• [PROBLEM DETAILS] Before printing, remove every picture; then print the lines below exactly, from the first line through the line containing "Un terreno fiscal".

• [RAW DATA]
=== Begin Enclosure ===

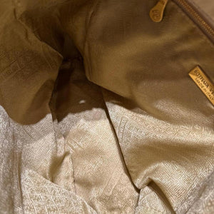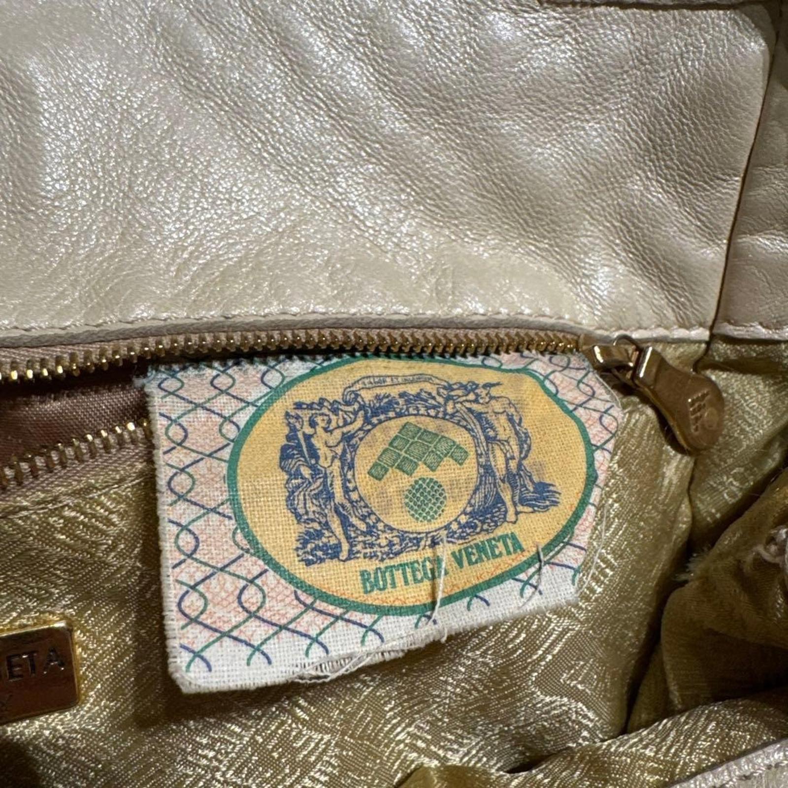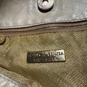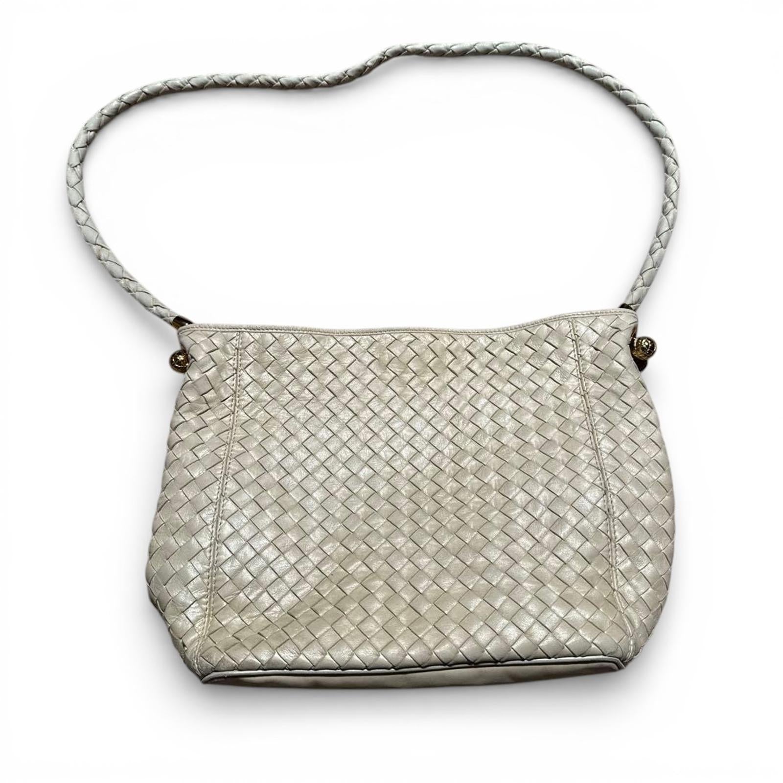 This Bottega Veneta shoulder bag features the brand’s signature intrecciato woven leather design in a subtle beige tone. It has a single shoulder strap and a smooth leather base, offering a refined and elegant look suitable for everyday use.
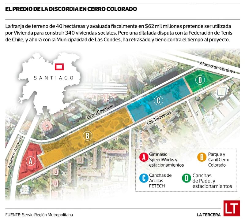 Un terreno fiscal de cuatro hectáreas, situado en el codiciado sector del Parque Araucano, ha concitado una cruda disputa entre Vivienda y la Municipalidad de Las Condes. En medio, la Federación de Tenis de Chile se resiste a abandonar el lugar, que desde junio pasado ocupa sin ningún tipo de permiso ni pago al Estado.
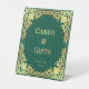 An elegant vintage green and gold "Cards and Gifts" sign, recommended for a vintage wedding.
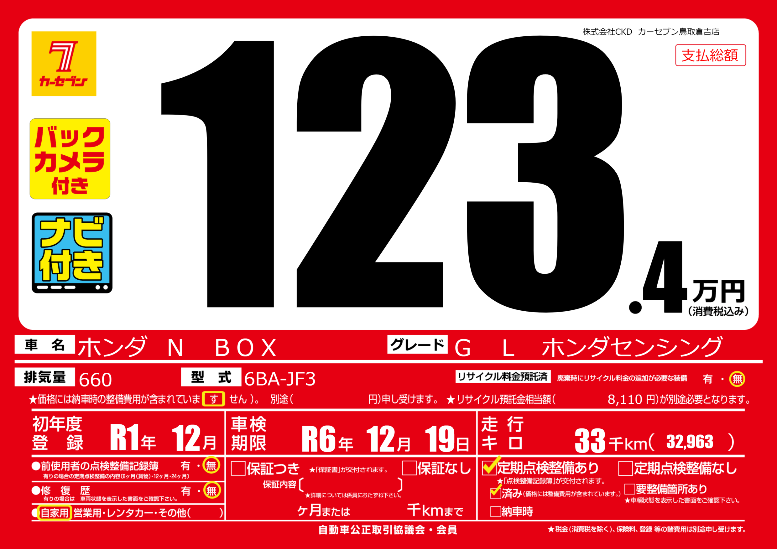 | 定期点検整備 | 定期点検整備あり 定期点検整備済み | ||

=== End Enclosure ===

• [ANSWER TO THIS PROBLEM]
 This Bottega Veneta shoulder bag features the brand’s signature intrecciato woven leather design in a subtle beige tone. It has a single shoulder strap and a smooth leather base, offering a refined and elegant look suitable for everyday use.
 Un terreno fiscal de cuatro hectáreas, situado en el codiciado sector del Parque Araucano, ha concitado una cruda disputa entre Vivienda y la Municipalidad de Las Condes. En medio, la Federación de Tenis de Chile se resiste a abandonar el lugar, que desde junio pasado ocupa sin ningún tipo de permiso ni pago al Estado.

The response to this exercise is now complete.